One of the first collaborations was brought about by two Czech refugees, Zika and Lida Ascher, who arrived in London in 1933. By 1942 they had set up Ascher Ltd. and they started to commission leading artists of the day, including Henri Matisse, Graham Sutherland, John Piper and Duncan Grant, to produce limited edition screen-printed textiles, producing scarves and fashion fabrics and examples were included in the Britain Can Make It exhibition in 1946 and one design was even worn by Princess Elizabeth on the Royal Tour of 1947.
In the 1950s many manufacturers had caught onto the mood of collaborating with artists to produce innovative designs for their works, and such joint ventures included Eduardo Paolozzi working with Edinburgh Weavers, John Piper and David Whitehead Ltd., and Lucienne Day with Heals. Whilst on the other side of the Atlantic Fuller Fabrics of New York could be found working alongside Pablo Picasso, Marc Chagall and Joan Miró. By the 1960s bold experiments were taking place, none more so than with Andy Warhol soup can dresses and food themed prints.

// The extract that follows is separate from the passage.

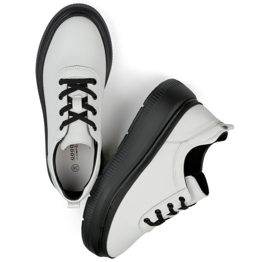 Goodin Goodin Sneakers i läder för kvinnor med svart plattformssula, vit GD-XF-120A-W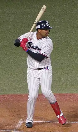 On December 2, 2020, Santana signed with the Tokyo Yakult Swallows of Nippon Professional Baseball.[29] He hit two home runs in the 2021 Japan Series, helping the Swallows win the championship.[30]

Historically this sphere within artist’s work has often been overlooked and much maligned, but recently this historiography has been re-examined and its importance within the cultural design sphere is started to be accepted as significant, in allowing a re-fashioning both of individual identities and to a certain point national identities within the Post-War era. Bringing artist’s textiles to a larger market place allowed ordinary people to engage on a personal level with artist’s work. With this re-contextualisation prices within the commercial sector have started to steadily rise and what was once considered an unimportant off-cut of an artist’s oeuvre is now a much-loved piece of mid-century design.